Après un ralentissement en 2009, le premier opérateur européen d’avions d’affaires se ressaisit.
L’Echo, 2 Septembre 2011
Eric Connor, Président et directeur général de NetJets Europe, a pris ses fonctions en 2009, c’est-à-dire au plus mauvais moment pour l’aviation d’affaires. Très touché par la crise financière de 2008, le marché a chuté de 20 % et, sur celui très spécifique de la propriété partagée, NetJets n’a pas échappé au mouvement. « Fin 2009, on a enregistré une stabilisation, explique Connor, et même une relance de l’ordre de 8 à 9 % au début de 2010. C’est alors que l’épisode du volcan islandais nous est tombé dessus. Si l’aviation commerciale a pâti des immobilisations, nous aussi bien entendu. »
Résultat, la progression a été de 5 à 6 %, ce qui ne constituait pas un rattrapage suffisant pour enregistrer des profits nets, malgré des bénéfices opérationnels. Dans l’immédiat, les profits nets ne se dégageraient que moyennant toute une série de conditions liées à la santé économique du continent européen, au cours du dollar, voire à des ventes exceptionnelles. Toutefois, l’opérateur avait prévu une formidable croissance dès cette année, notamment avec l’acquisition de nouveaux avions. NetJets a préféré temporiser, comme l’explique Connor : « On a reprofilé nos livraisons d’avions neufs dans le temps. Nous avons eu des discussions avec les constructeurs avec qui nous avons des liens assez forts et nous avons pu obtenir des conditions satisfaisantes. » Si Connor confirme qu’au premier semestre « NetJets suit la ligne budgétée en matière de reprise des vols », il estime néanmoins que « la vraie reprise est attendue entre 2013 et 2015 ».

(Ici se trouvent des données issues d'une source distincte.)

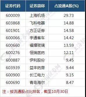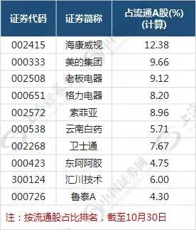 这30只个股持股比例最高

On imagine volontiers que les fournisseurs d’avions de NetJets soient « compréhensifs ». Avec 150 avions dans sa flotte, soit la plus importante d’Europe et 1.600 clients, NetJets ne dicte peut-être pas sa loi, mais on lui déroule volontiers le tapis rouge, crise ou pas crise. Et s’il faut attendre 2012 - qu’Eric Connor qualifie d’« année charnière » - pour livrer les premiers avions, il en sera ainsi. Du reste, pour bien marquer son optimisme, le groupe NetJets a commandé en mars dernier 50 Bombardier de la série Global pour 2,8 milliards d’USD. Elle fait suite à celle pour des Embraer (Phenom) et des Dassault 7X (24 unités pour 1,1 milliard d’USD). Lancée il y a quinze ans et soutenue depuis 1998 par le groupe Berkshire Hathaway de Warren Buffet (qui en était un « client très satisfait »), NetJets a imprimé sa marque sur le continent et vise maintenant les pays de l’Est jusqu’en Inde. « La grande différence entre l’Est et l’Occident, c’est que là-bas, ils sont fiers de voyager en avion d’affaires et qu’ils le montrent », sourit Eric Connor.
Depuis 2004, NetJets Europe a très bien pénétré le marché belge aussi. Cette année-là, 700 vols avaient été assurés par l’entreprise. Ils étaient 1.200 en 2009 et un peu plus en 2010. Au premier semestre de cette année, on atteignait déjà les 650 liaisons. Au vu des chiffres de 2010, plus de 900 vols ont eu Bruxelles pour aéroport de départ, 120 sont partis d’Anvers, 90 de Liège et 50 d’Ostende. Quant aux destinations, on trouve dans le «Top 10» Paris Le Bourget en premier (ce qui est assez étonnant quand on songe qu’il faut autant de temps du Bourget au centre de Paris que le vol lui-même), puis Genève, Northolt, London City, Luton, Sion, Nice, Linate (Milan), Aix-les-Bains et… Schiphol!
Au premier semestre, sur l’ensemble des 25.000 vols opérés dans l’ensemble de l’Europe par NetJets, les aéroports les plus fréquentés ont été Paris-Le Bourget, Genève, London City, Farnborough et Nice. On n’a jamais dit que l’aviation d’affaires était réservée exclusivement aux déplacements d’affaires!